The function of block scanner is to scan block data to detect possible corruptions. Since data corruption may happen at any time on any block on any DataNode, it is important to identify those errors in a timely manner. This way, the NameNode can remove the corrupted blocks and re-replicate accordingly, to maintain data integrity and reduce client errors. On the other hand, we don’t want to utilize too many resources, so that disk I/O can still serve actual requests.
Therefore, block scanner needs to make sure that suspicious blocks are scanned relatively quickly, and other blocks are scanned every once in awhile, at a relatively lower frequency, without significant I/O usage.
This is a nice article for operations folks who own Hadoop clusters.
PHYSICAL_ONLY looks at page structures and makes sure something isn’t obviously wrong. If you have the database’s page verification option set to CHECKSUM (the default since SQL Server 2005, and a very good thing), it runs a checksum on the page and compares it to a checksum recorded in the header when the page was last modified.
When you use the PHYSICAL_ONLY option, you’re telling SQL Server to skip logical checks. It won’t do things like make sure the data in a clustered and nonclustered index on a table is consistent with one another.

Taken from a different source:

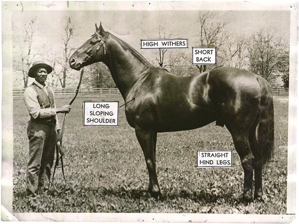 This legendary stallion has been retired to stud. Nice added publication details. Pinholes o/w EX. 6.5 x 8.5”. Original paper caption on verso.

I like the analogy, as well as the how-to guide on messing up your database. But try not to do that to a production database…
THE EASY FIX: RUN FULL NATIVE BACKUPS EVERY DAY, AND FREAK OUT WHEN THEY FAIL.
Backup failures aren’t normally a big deal, but if you use in-memory OLTP on a standalone server or a failover clustered instance, backup failures are all-out emergencies. You need to immediately find out if the backup just ran out of drive space or lost its network connection, or if you have game-over Hekaton corruption.
Note that you can’t use SAN snapshot backups here. SQL Server won’t read the In-Memory OLTP pages during a snapshot backup, which means they can still be totally corrupt.
This works fine for shops with relatively small databases, say under 500GB.
Brent also has a Connect item to fix this. Upvote if you have memory-optimized, durable tables.
A fix has been published for SQL Server 2012 (SP2 and SP3), and one is coming for SQL Server 2014 (RTM and SP1) – though in this most recent update, SQL Server 2014 was removed from the list of affected versions (not sure it was accurate to remove those). I will update this space once the next 2014 CUs are released, but for now you should plan to rebuild tables after dropping columns as a matter of course and, more importantly, as part of the same maintenance operation.
This is a good reason to stay up to date on CUs.
I suspected that there was some difference between the queries that failed and the ones that were successful in SSMS. It ran the query they gave me, and I got the same error. I got disconnected and no further error info was returned. I also verified that the same query was successful on the otehr two tables mentioned. No errors on the other tables.
I wanted to know what error was causing the connection to be terminated, so I checked the SQL log and discovered that every time it failed, it was generating a stack dump. Before I was done investigating, it had generated 21 stack dumps. The key user-usable error info in the log was:
* Exception Address = 00007FF93BCF7E08 Module(sqlmin+00000000001E7E08)
* Exception Code = c0000005 EXCEPTION_ACCESS_VIOLATION
* Access Violation occurred reading address 0000000000000000
It turns out that CHECKDB & CHECKTABLE do not look at statistics. If you find yourself in this situation, it’s not a bad idea to see if this is the cause.